The PRRI study finds

  • In mid-August, Romney was leading by 40 points among white working-class voters in the South. In other parts of the country, neither candidate had a commanding lead among working-class voters in the same time frame.
  • White working-class citizens in the South are far more likely to live in households with firearms  than are their counterparts in other parts of the country. 
  • There is far greater opposition to same-sex marriage among Southern white working-class folks than among white working-class Americans in other regions. While only 32% of white working-class Southerners favor permitting gay and lesbian people to marry, 44% do so in the Midwest, 47% in the West, and 57% in the Northeast.
  • "White working-class Americans in the West (40%), Midwest (48%), and Northeast (48%) are less likely than white working-class Americans in the South (58%) to believe that over the past few decades, the government has paid too much attention to the problems of blacks and other minorities."

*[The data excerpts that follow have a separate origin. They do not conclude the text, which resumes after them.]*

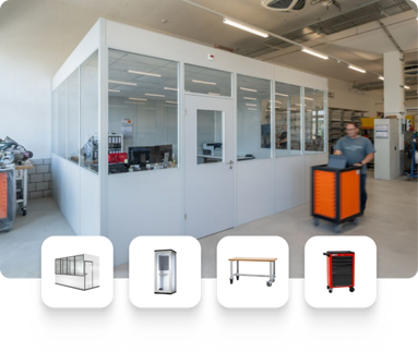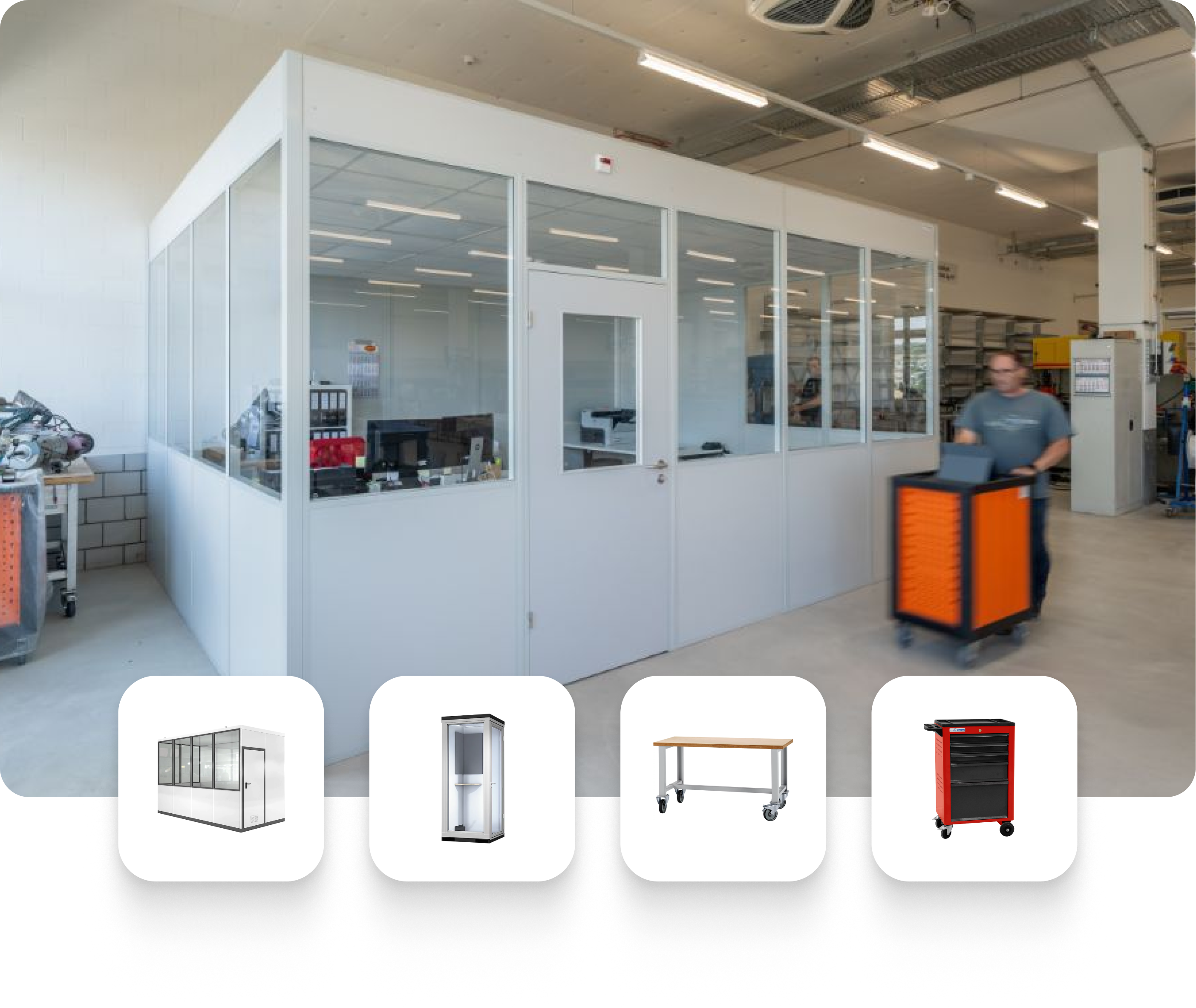Originally, free-standing desks were planned for the new production halls. However, the employees expressed concerns about noise emissions and dust development, aiming to create a protected workspace.
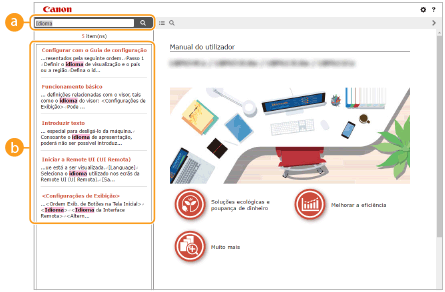 Clique para visualizar informações sobre como ver o Manual do utilizador, como efetuar uma procura e outras informações.
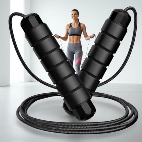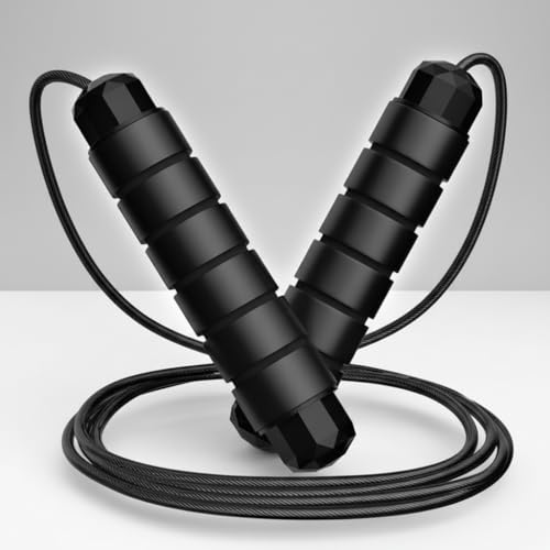 GHAZAL, - حبل قفز بوميبو قابل للتعديل من غزال - دوران سريع بمحمل كروي، تصميم خالٍ من التشابك، للنساء والرجال والأطفال في المنزل وصالة الألعاب الرياضية والمدرسة وتمارين الكارديو - أسود
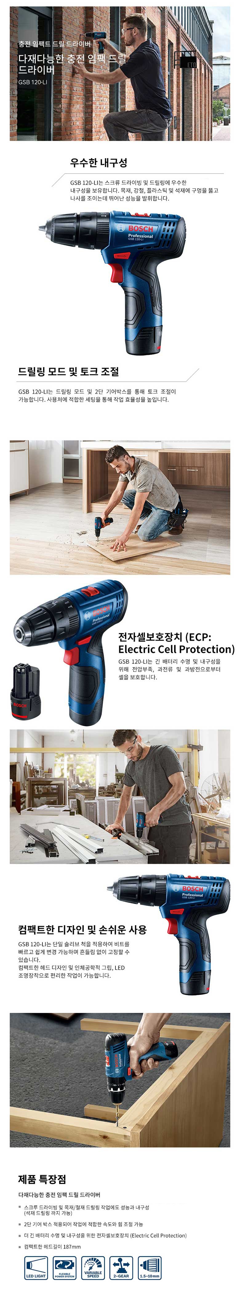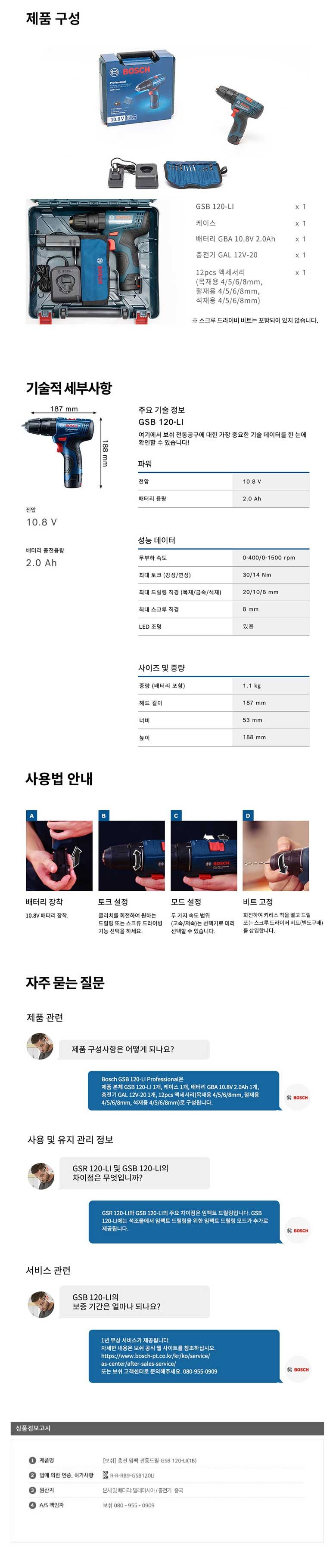 | 품명 및 모델명 | Cordless drill/driver / GSB 120-LI | KC 인증정보 | 리뉴얼 전: 본품 R-R-RB9-GSB120LI / 충전기 SU072184-18001B, R-R-RB9-GAL12V20 / 배터리 ZU10240-16002F | 리뉴얼 후: 본품 R-R-RB9-GSB120LI / 충전기 HU071045-21041A, R-R-RB9-GAL12V20 / 배터리 ZU10240-24001C |

To repeat: the PRRI study shows that working-class whites in the South (and that's to say, largely evangelical people) are far and away the most solid GOP bloc among working-class voters.  White Southern working-class voters are also far and away more opposed to gay marriage than their counterparts elsewhere.  They are also more inclined to be hostile to immigrants and to those they imagine to be sponging off the government.

And from these data I conclude that the U.S. bishops have made a costly bargain--I'm tempted, in fact, to call it a bargain with the devil--in allying themselves with the religious right in the latter decades of the 20th century and the first part of the 21st century.  In allying themselves with the religious right, whose base is among precisely those Southern white working-class evangelicals whose attitudes and beliefs differ significantly from the attitudes and beliefs of their white working-class counterparts in the rest of the nation--many of whom are Catholic . . . .  The bishops have allied themselves with what turns out to be a very narrow constituency of those who do not, in fact, reflect or support what have traditionally been considered core "Catholic values" in any area other than sexual morality.

The bishops' carefully crafted political alliance with white evangelical Southerners who constitute the foot soldiers of the religious right, and their willingness to walk lockstep with the religious right in its anointing of the GOP as God's party, are seriously eroding any moral credibility the Catholic bishops have left.  This alliance has assured that the bishops are increasingly marginalizing themselves as the power of the religious-right demographic on which they've pinned their hopes wanes . . . 

While a majority of American Catholics, including Hispanic Catholics, the growing demographic edge of American Catholicism, simply ignore the mitered gentlemen as they play at politics.  And as they yammer on about their religious freedom being under attack.

As they yammer on about this even as they try to restrict the religious freedom of everyone who doesn't buy into their anti-contraceptive, anti-women, and anti-gay agenda!